2 cents. Just took both my boys to the dr yesterday for their yearly exam. My 15 yo is 68 3/4 inches tall... (why can't we just round up a 1/4 inch) and he weights in at 156lbs. My 14 you is 71 1/2 inches (again, why not just add the 1/2 inch) and 220lbs :rolleyes1 . We all joked about how big my youngest is. He was fine.. the dr didn't seem concerned... we were just all shocked cuz he doesn't really look that big. Point to the story? At this age, I am not even allowed in the exam room as of their ages... but we all were together at weigh in and height check. Nurse had no problem telling me. FWIW. :confused3
 
the only reason i would see that a nurse/doctor would not state your weight out loud is when the scale is in an open area. my doctors scale is in such a place in her tiny office that when she says how much you weigh the people in the parking lot can almost hear it. not good for me :blush:
but your daughters weight is perfect for her height. i'd let the doctor know that what the nurse did was unacceptable and it's no wonder that young women are so self-conscious!
 
Sorry, I don't think there was anything wrong with what the nurse did. In fact, I think it was a sensitive thing to do. Many young girls don't want their weight advertised, even if it's just in front of their mom. I think the unfortunate part was drawing attention to the fact that the nurse showed her instead of announcing it, thereby putting the nurse on the defensive and making alot more of the situation than was really necessary.
 
Would I have spoken up?

No. In all honesty, I see absolutely nothing to get upset about here. Now if the lady had weighed your daughter and exclaimed "Holy Heck OINK OINK OINK!!" That would be something to speak up about. If the lady had weighed your daughter and sniffed "Good Lord eat a cookie why don't you!" That would be something to speak up about.

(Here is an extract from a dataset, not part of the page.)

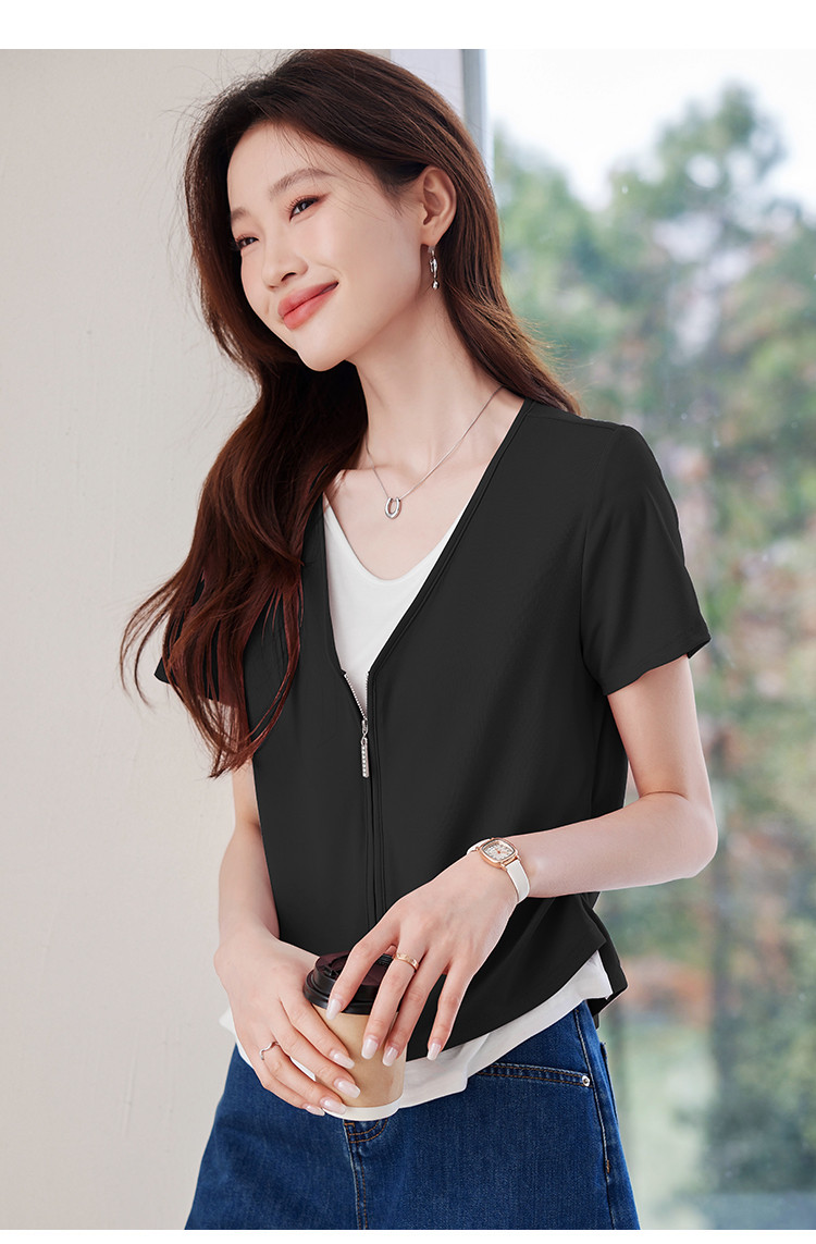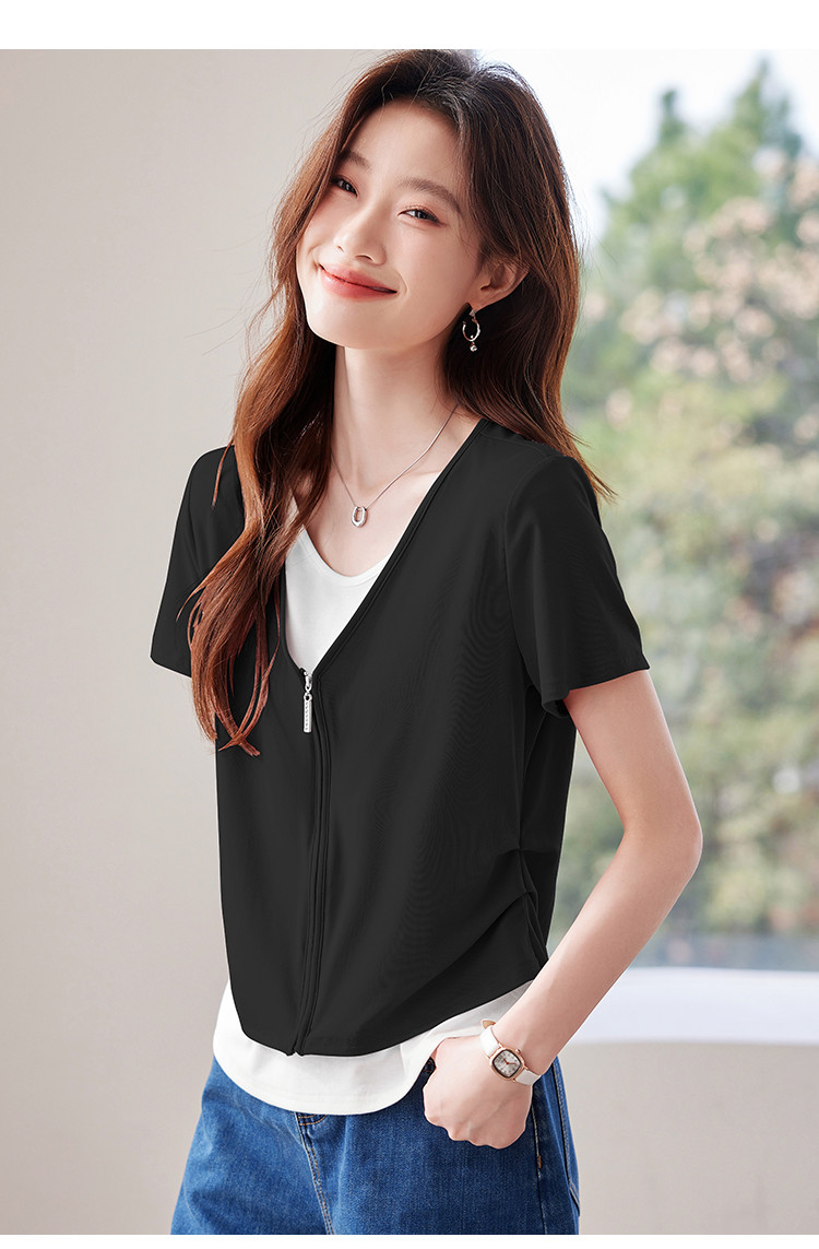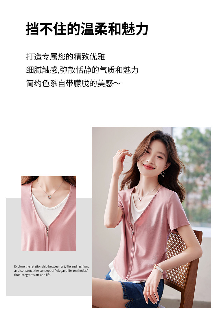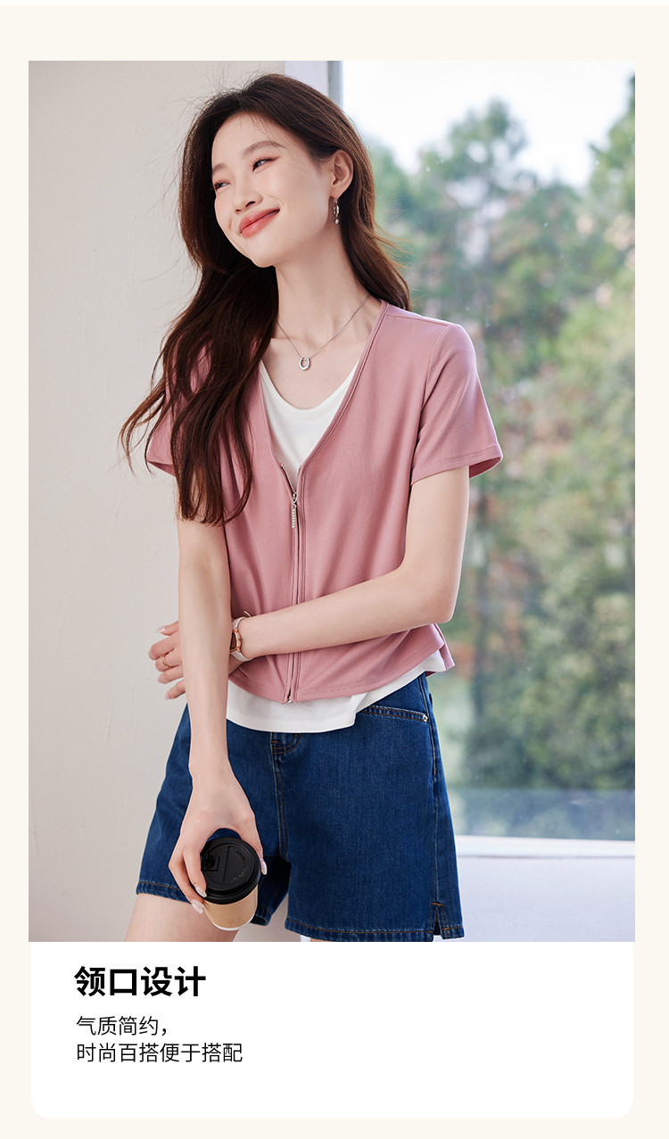 【莱赛尔t恤】假两件设计感短袖T恤女夏季2025拼色针织t恤 795039

But here we have a lady doing her job, trying to treat your daughter (and all teen girls) with respect by relaying information that she knows is sensitive to so many kids -- in a manner that she feels allows the private info to stay private.....

And she gets blasted for it.

You couldn't pay me enough money to have to work around kids and their parents these days. There is a saying "D----- if you do, and D----- if you don't."